No word about how they felt about his mohawk.
Wilson's jet-black beard and mohawk are just a couple of the many quirks that form his public persona. As he showed with increasing frequency during his seven seasons with the Giants, his yearning for attention can make him a distraction, whether on the mound or off. During the team's 2012 championship run, he seemed to spend almost as much time on camera as a bystander in the dugout as his teammates did on the field. When the Dodgers visited San Francisco in late September, Wilson confronted Giants team president Larry Baer (seated near the home dugout) over having not received his 2012 World Series ring. In turn, the Giants said that Wilson had not responded to repeated phone calls and text messages from team officials inviting him to their ring ceremony back on April 7.
For all of his eccentricity, Wilson can pitch, and by the end of the 2013 season, he had recovered his mid-90s velocity and was generating swings and misses with both his four-seam fastball and his cutter. For his career, he has 171 saves and a 3.10 ERA with 9.5 strikeouts and 0.5 homers per nine, respectively.
Thanks to that resumé, Wilson might have found a team to pay him as much or more money to close as he got from the Dodgers, though it's worth noting that such deals have suddenly become few and far between. According to Cot's Contracts, Nathan's deal with the Tigers is the 14th in which a reliever has reached an average annual value of at least $10 million, and the 23rd in which one has exceeded an AAV of $7 million dollars. Back in 2010, 12 deals above $7 million were in effect, but aside from Nathan and Wilson, those of just three others are on the books now: Rafael Soriano ($14.0 million), Jonathan Papelbon ($12.5 million) and Heath Bell ($9 million).
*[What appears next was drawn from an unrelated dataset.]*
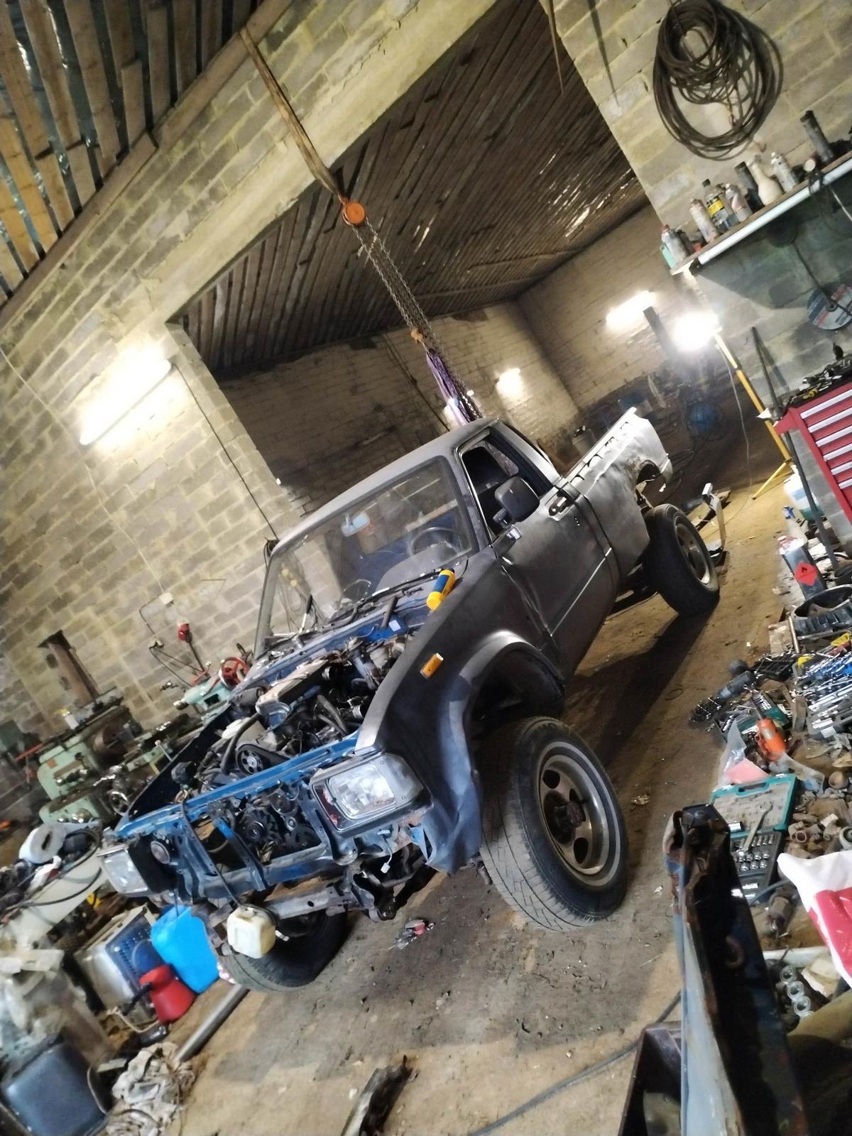 Liite 104794 Siitä sitten autoa talliin.. Liite 104799 Liite 104800 Hytti olisi hitsattuna kuntoon, lava vielä tekemättä :( Liite 104801 Liite 104802 Liite 104803 2LT Moottori löysi paikkansa pellin alta. Joku väitti, että pajerossa olisi millin isompi nestepää, joten pitihän sekin siihen sovitella. Liite 104804 Liite 104805 Liite 104806 Sitten työn alla olisi Celicasta peräisin olevan vesivälijäähdyttimen ja Ponssesta lainatun turbon sovittelu. Juuri eilen sain pakosarjan tehtyä. Liite 104807 Liite 104808 Liite 104809 Liite 104810 Siinäpä se. Vieläkään en tiedä mitä tästä tulee, mutta rakennellaan kun on aikaa ja rahaa. :D Tällähetkellä hankittuna asennusta odottamassa olisi mm; Rangen kolmilinkki, hdj80 nelilinkki, gen2 pajeron paineilmalukollinen taka-akseli, kun25? hiluxista peräisin oleva sähkölukko joka olisi tarkoitus koittaa sovittaa eteen, ohjaustehostinkamppeet highsteer varsia vailla jne jne, joten kyllä tästä tekemistä vielä löytää. :D Kuvia tulee varmaan vielä ja vaikka missä järjestyksessä kunhan niitä jostakin löytää, mutta siinäpä tärkeimmät. Liite 104811 |

Depending upon the accounting, League might be included in that, but because he signed his extension in October 2012 before officially reaching free agency, his AAV is based on a four-year, $27.5 million package rather than three years and $22.5 million.
As advanced statistical analysis has taken hold on one level or another in most front offices, teams have become more reluctant to pay a class of pitchers whose performances tend to be quite volatile from year to year, and whose values rarely wind up reaching even 2.0 Wins Above Replacement in consecutive seasons. Via Baseball-Reference.com's version of WAR, of the 19 relievers who reached that plateau in 2012, only three — Kimbrel, Aroldis Chapman and Darren O'Day — repeated in 2013, with the latter two coming in at exactly 2.0, the equivalent of about $10-$12 million worth of performance on the open market. Dial back to 2010, when 18 pitchers reached 2.0 WAR; just two, Rivera and Sean Marshall, did so in 2011. From 2011 to 2012, the tally is four — Kimbrel, Jim Johnson, Vinny Pestano and Grant Balfour — out of 24. For that three-year period, just 15 percent (nine out of 61 relievers) repeated at the 2.0 WAR level.